** Input data **
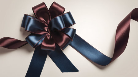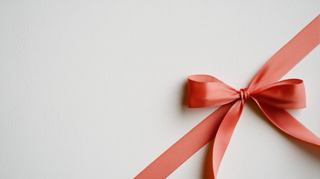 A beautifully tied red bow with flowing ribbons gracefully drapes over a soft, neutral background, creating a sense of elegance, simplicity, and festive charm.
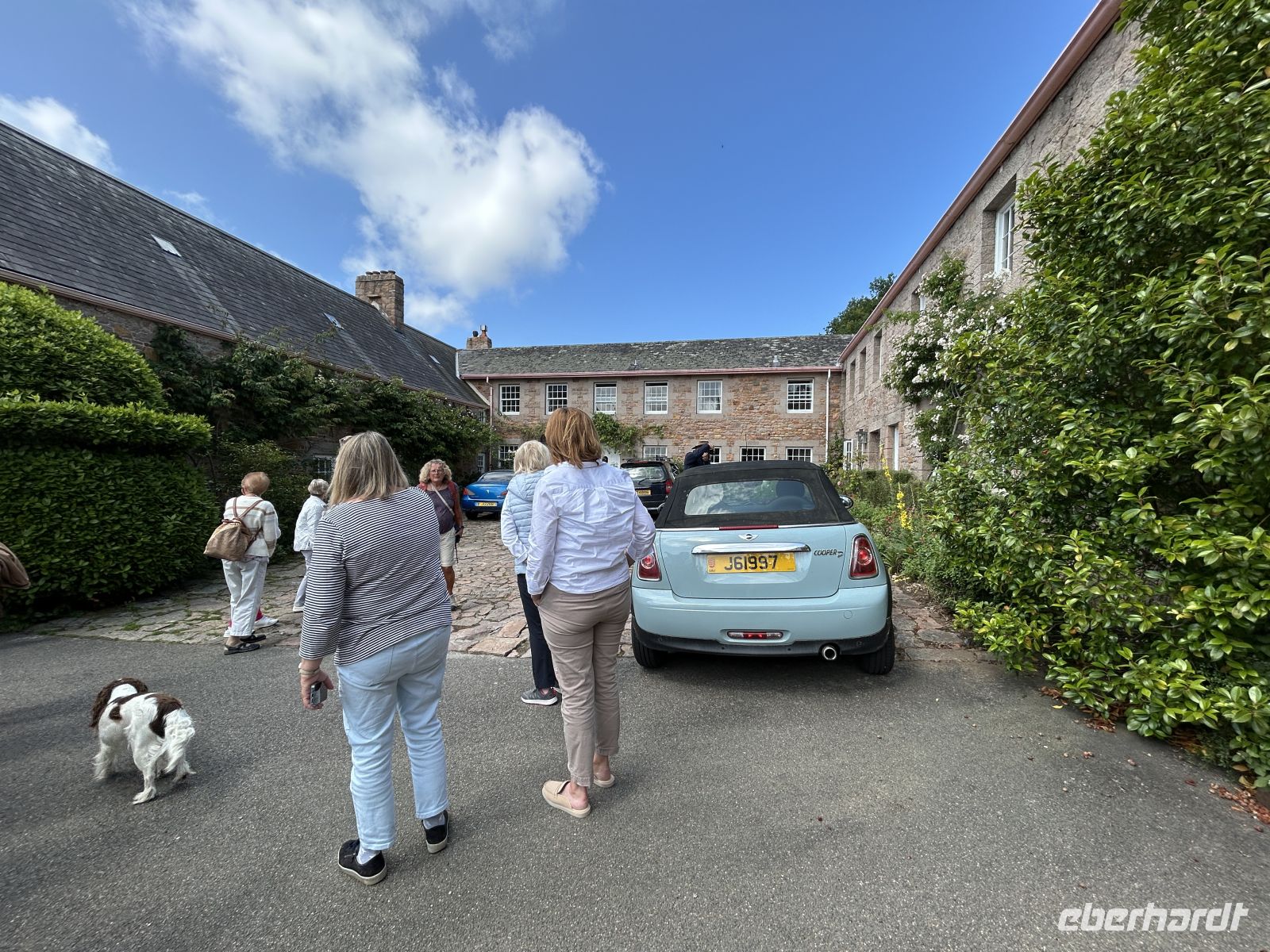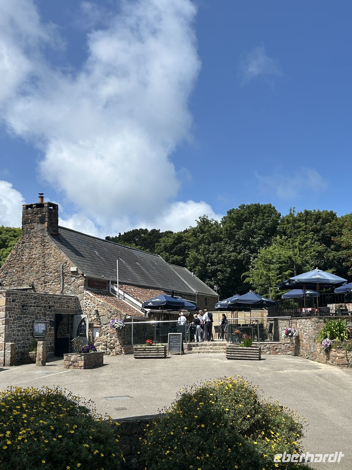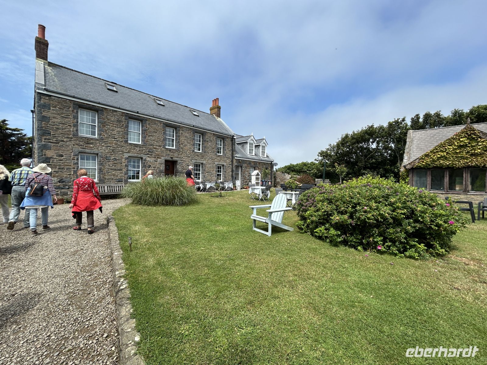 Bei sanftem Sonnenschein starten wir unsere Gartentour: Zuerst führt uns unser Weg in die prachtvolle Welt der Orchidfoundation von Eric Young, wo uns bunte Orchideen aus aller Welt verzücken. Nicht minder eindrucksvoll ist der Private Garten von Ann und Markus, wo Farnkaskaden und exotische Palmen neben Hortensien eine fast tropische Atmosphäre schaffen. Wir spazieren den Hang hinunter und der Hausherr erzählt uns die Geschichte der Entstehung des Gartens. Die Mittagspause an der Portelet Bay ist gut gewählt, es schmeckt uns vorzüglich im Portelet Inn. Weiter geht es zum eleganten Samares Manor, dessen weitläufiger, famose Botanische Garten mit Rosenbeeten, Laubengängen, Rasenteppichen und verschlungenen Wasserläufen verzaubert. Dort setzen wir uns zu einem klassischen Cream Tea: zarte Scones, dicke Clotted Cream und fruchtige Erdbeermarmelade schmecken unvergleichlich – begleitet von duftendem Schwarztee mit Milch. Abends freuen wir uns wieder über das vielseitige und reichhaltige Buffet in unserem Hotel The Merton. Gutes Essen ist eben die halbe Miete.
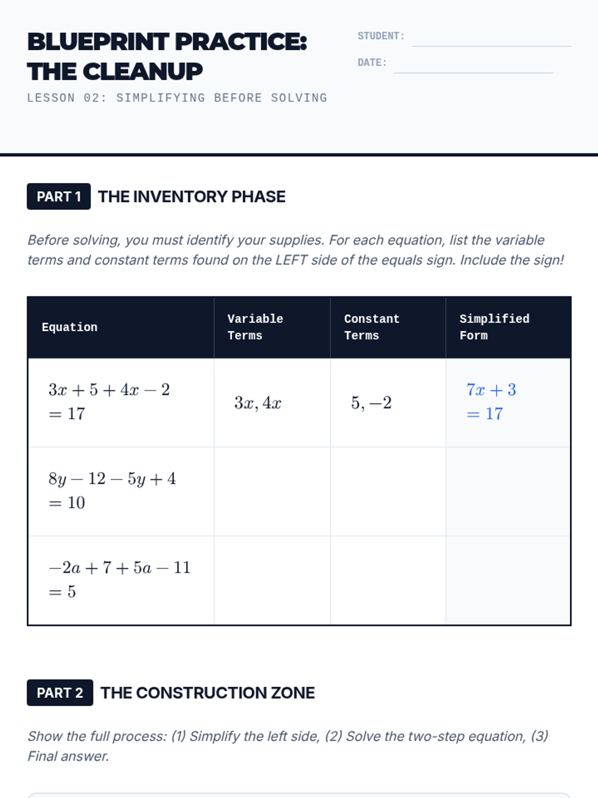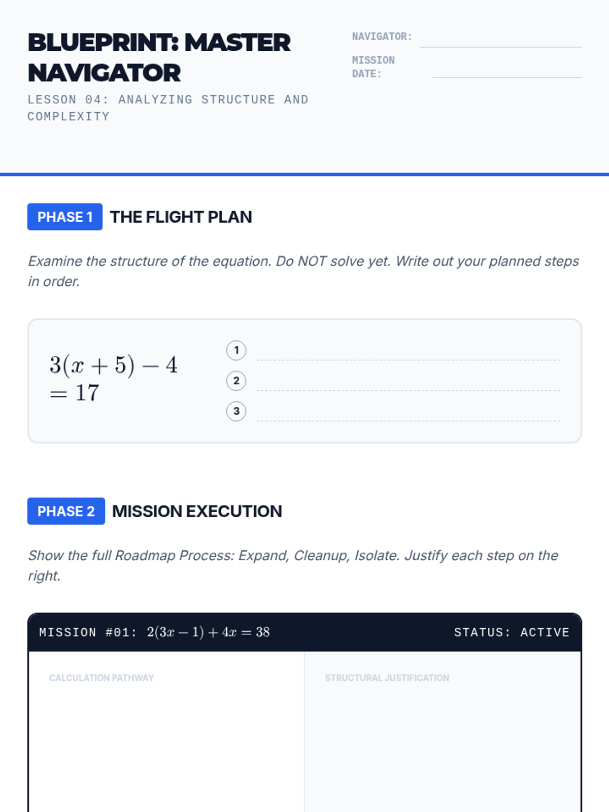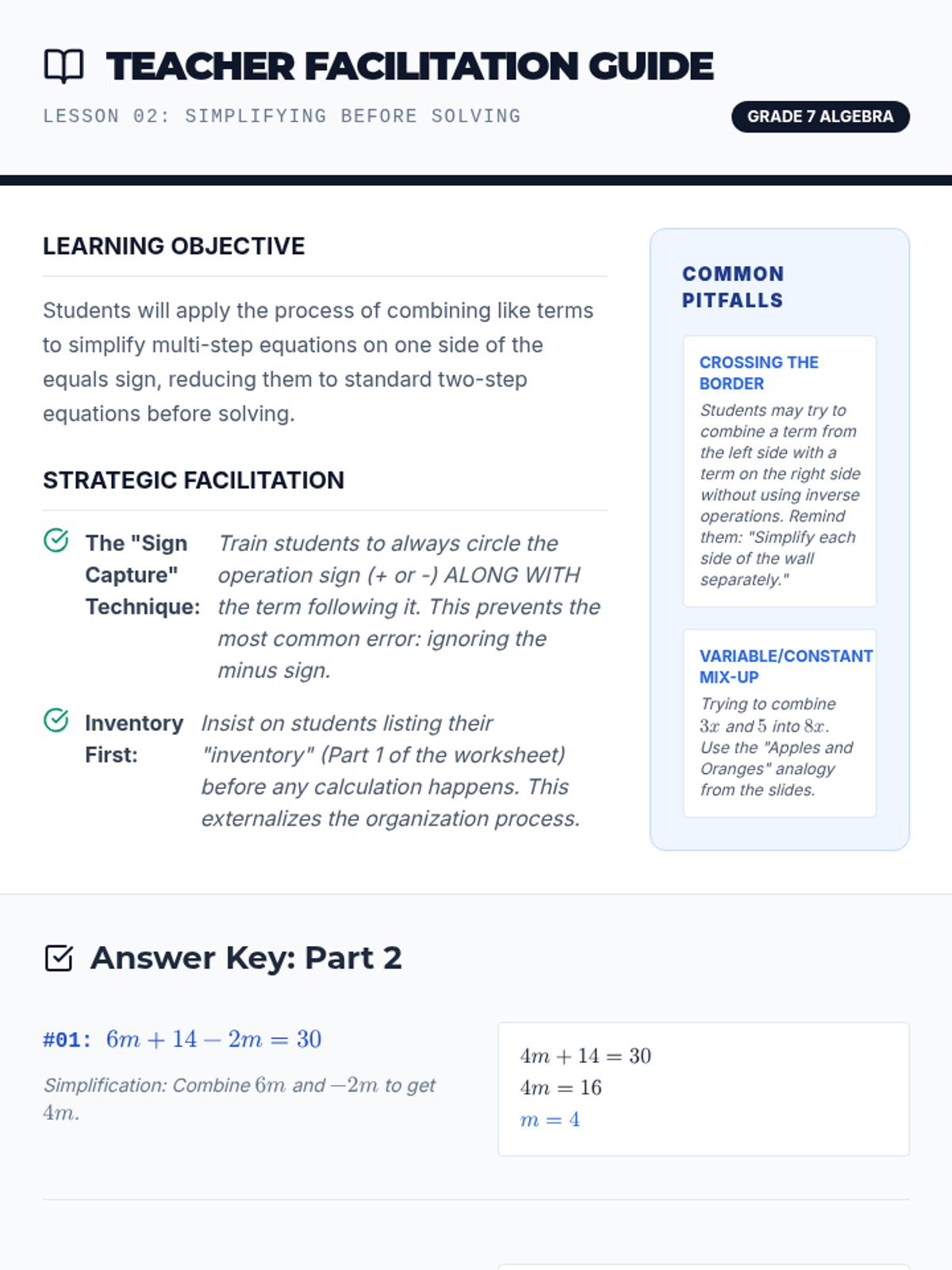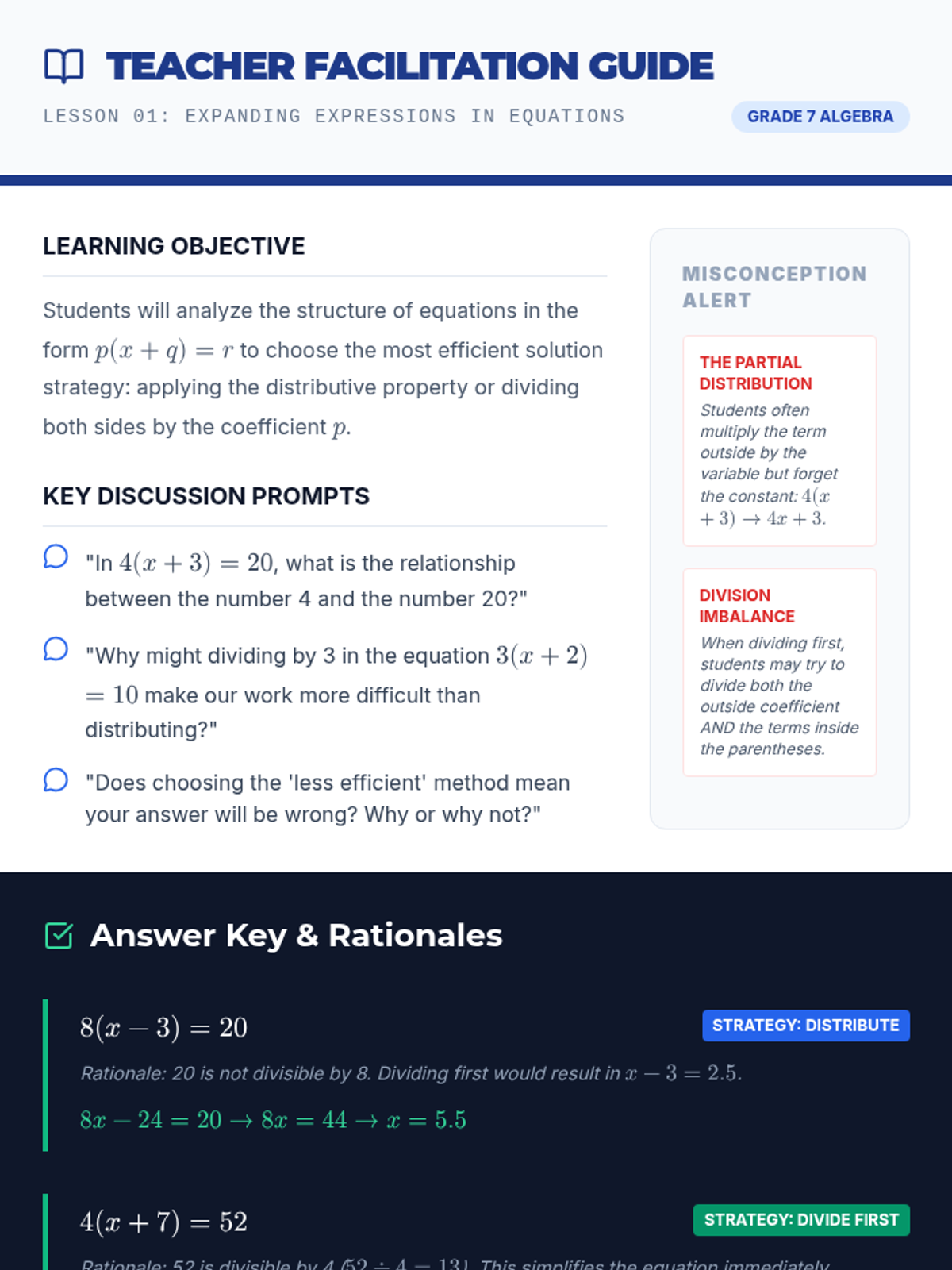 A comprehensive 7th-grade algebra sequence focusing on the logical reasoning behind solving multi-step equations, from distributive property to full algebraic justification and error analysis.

** Exercise **
Reprint the data verbatim, pictures excluded.

** Answer below **
 A beautifully tied red bow with flowing ribbons gracefully drapes over a soft, neutral background, creating a sense of elegance, simplicity, and festive charm.
 Bei sanftem Sonnenschein starten wir unsere Gartentour: Zuerst führt uns unser Weg in die prachtvolle Welt der Orchidfoundation von Eric Young, wo uns bunte Orchideen aus aller Welt verzücken. Nicht minder eindrucksvoll ist der Private Garten von Ann und Markus, wo Farnkaskaden und exotische Palmen neben Hortensien eine fast tropische Atmosphäre schaffen. Wir spazieren den Hang hinunter und der Hausherr erzählt uns die Geschichte der Entstehung des Gartens. Die Mittagspause an der Portelet Bay ist gut gewählt, es schmeckt uns vorzüglich im Portelet Inn. Weiter geht es zum eleganten Samares Manor, dessen weitläufiger, famose Botanische Garten mit Rosenbeeten, Laubengängen, Rasenteppichen und verschlungenen Wasserläufen verzaubert. Dort setzen wir uns zu einem klassischen Cream Tea: zarte Scones, dicke Clotted Cream und fruchtige Erdbeermarmelade schmecken unvergleichlich – begleitet von duftendem Schwarztee mit Milch. Abends freuen wir uns wieder über das vielseitige und reichhaltige Buffet in unserem Hotel The Merton. Gutes Essen ist eben die halbe Miete.
 A comprehensive 7th-grade algebra sequence focusing on the logical reasoning behind solving multi-step equations, from distributive property to full algebraic justification and error analysis.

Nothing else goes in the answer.